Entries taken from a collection
---+---

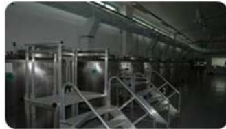
쇼저온 액체질소 저장 탱크
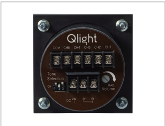
电源与音源接线板(背面)
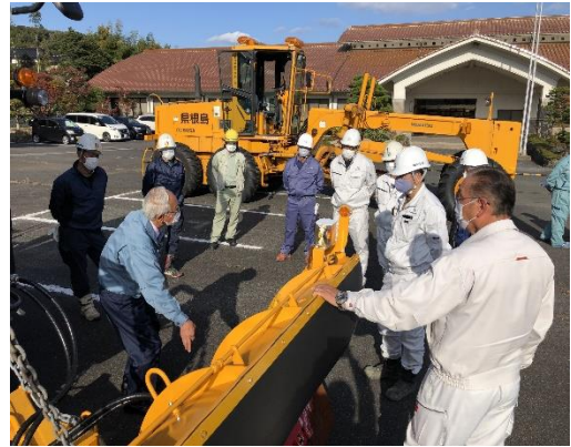
機械別実地講習状況
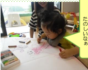
グルグルお絵かき たのしいなあ
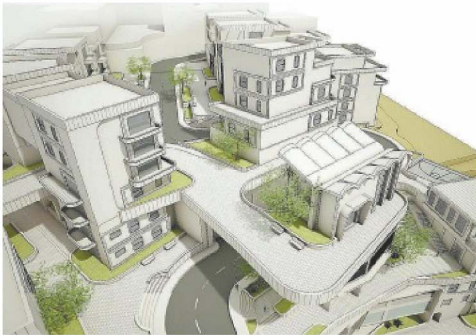
מתוך הפרויקט של שלמה שטראוס. צורת התיישבות חדשה
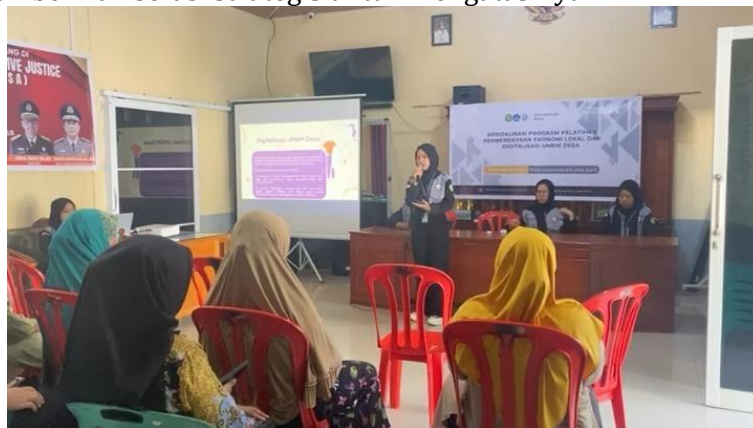
Gambar 3. Sosialisasi Pemberdayaan Ekonomi Lokal dan Digitalisasi UMKM Desa

Pada kegiatan sosialisasi tersebut, Tim Pengabdian memaparkan materi mengenai manfaat digitalisasi bagi UMKM, teknik pemasaran produk secara online, serta penggunaan media sosial sebagai alat promosi. Kami juga membahas tantangan yang dihadapi UMKM dalam proses digitalisasi serta memberikan solusi strategis untuk mengatasinya.
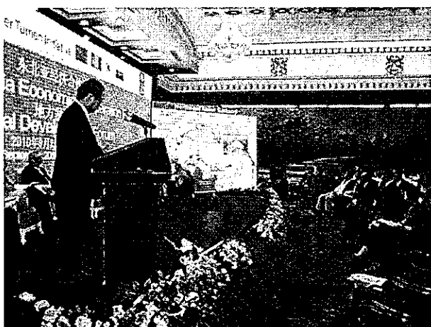
G T I 地方発展フォーラム (9月2日) での副知事スピーチの様子
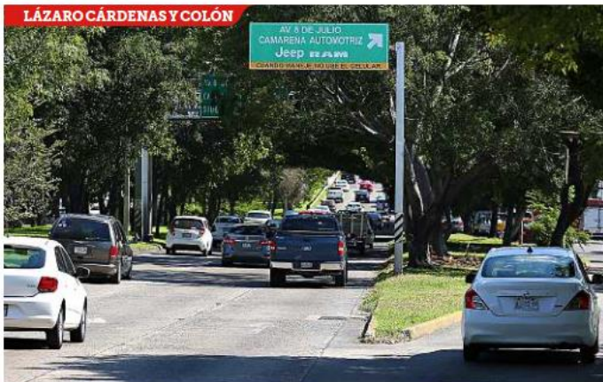
La salida que marca el letrero no corresponde a la intersección de la vialidad y tiene anuncio.

Sin embargo, la avenida, de la Central Nueva a Periférico, está plagada de publicidad -hoteles, renta de carros, universidades, restaurantes y otros- disfrazada de señalamientos informativos y en los casos más burdos tie-

---+---

## TASK REQUIREMENTS
Would you please set down the lines from the one with "La salida que" to the end of the data above, exactly and without any other lines?

## SOLUTION
La salida que marca el letrero no corresponde a la intersección de la vialidad y tiene anuncio.

Sin embargo, la avenida, de la Central Nueva a Periférico, está plagada de publicidad -hoteles, renta de carros, universidades, restaurantes y otros- disfrazada de señalamientos informativos y en los casos más burdos tie-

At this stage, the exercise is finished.